Stable, Fast and Accurate: Kernelized Attention with Relative Positional Encoding

  • Shengjie Luo
  • Shanda Li
  • Tianle Cai
  • Di He
  • Dinglan Peng
  • Shuxin Zheng
  • Guolin Ke
  • Liwei Wang

The attention module, which is a crucial component in Transformer, cannot scale efficiently to long sequences due to its quadratic complexity. Many works focus on approximating the dot-then-exponentiate softmax function in the original attention, leading to sub-quadratic or even linear-complexity Transformer architectures. However, we show that these methods cannot be applied to more powerful attention modules that go beyond the dot-then-exponentiate style, e. g. , Transformers with relative positional encoding (RPE). Since in many state-of-the-art models, relative positional encoding is used as default, designing efficient Transformers that can incorporate RPE is appealing.
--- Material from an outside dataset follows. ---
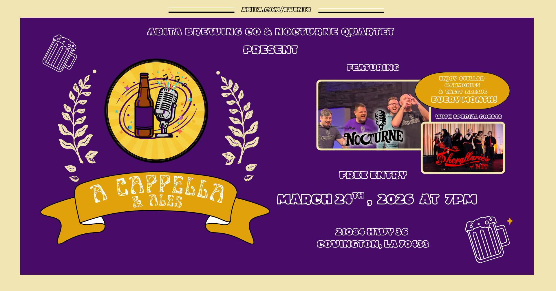 Join Abita Brewing Company and award-winning vocal quartet Nocturne for a one-of-a-kind monthly concert series that celebrates the raw power of the human voice. Hosted at the historic Abita Tap Room, "A Cappella & Ales" pairs the finest Louisiana craft brews with the region's most talented vocal ensembles.
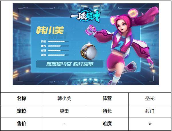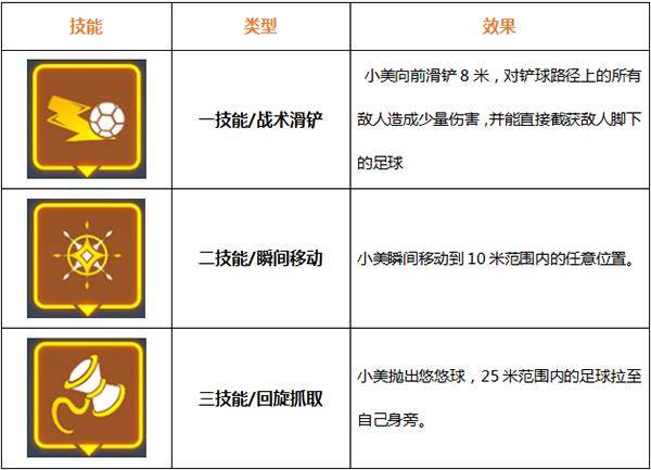 小美是一个在场上非常灵活机动的突击手,擅长防守反击打快攻,属于团队冲在最前的前锋。小美技能操作简单,非常推荐新手使用,但因为血量实在太少,非常容易死,所以千万不要参与到混战中去。

In this paper, we propose a novel way to accelerate attention calculation for Transformers with RPE on top of the kernelized attention. Based upon the observation that relative positional encoding forms a Toeplitz matrix, we mathematically show that kernelized attention with RPE can be calculated efficiently using Fast Fourier Transform (FFT). With FFT, our method achieves $\mathcal{O}(n\log n)$ time complexity. Interestingly, we further demonstrate that properly using relative positional encoding can mitigate the training instability problem of vanilla kernelized attention. On a wide range of tasks, we empirically show that our models can be trained from scratch without any optimization issues. The learned model performs better than many efficient Transformer variants and is faster than standard Transformer in the long-sequence regime.